The focus for developing the United States of Africa so far has been on building subdivisions of Africa - the proposed East African Federation can be seen as an example of this. Former President of Senegal, Abdoulaye Wade, had indicated that the United States of Africa could exist as early as 2017.The African Union, by contrast, has set itself the task of building a "united and integrated" Africa by 2025. Gaddafi had also indicated that the proposed federation may extend as far west as the Caribbean: Haiti, Jamaica, the Dominican Republic, the Bahamas and other islands featuring a large African diaspora, may be invited to join.

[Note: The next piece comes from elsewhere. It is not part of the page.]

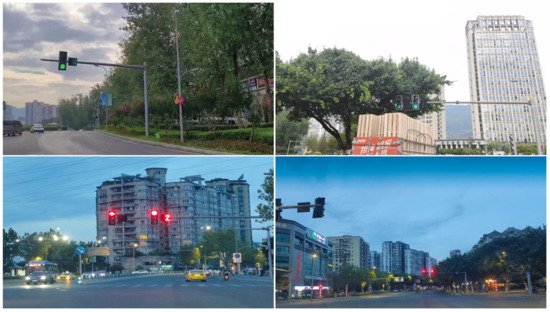 Meanwhile, 2872 traffic lights images have also been collected in Chongqing, China, in total containing 7862 instances of 12 categories consisting of red, green, red LED light digitals within five and green LED light digitals within five. The self-made dataset involving a rich environment is possessed of superior quality, with 1247 LED light digitals, which are more suitable for actual autonomous driving conditions. It provides long-term meaning for subsequent relevant researches. Some of the images are revealed in Figure 8.

Gaddafi also received criticism for his involvement in the movement, and lack of support for the idea from among other African leaders.A week before Gaddafi's death during the Libyan Civil War, South African President Jacob Zuma expressed relief at the regime's downfall, complaining that Gaddafi had been "intimidating" many African heads of state and government in an effort to gain influence throughout the continent and suggesting that the African Union will function better without Gaddafi and his repeated proposals for a unitary African government.
Gaddafi was ultimately killed during the Battle of Sirte in October 2011. While some regard the project to have died with him, Robert Mugabe expressed interest in reviving the project.Following the 2017 Zimbabwean coup d'état, Mugabe resigned as President. On 6 September 2019, Mugabe died.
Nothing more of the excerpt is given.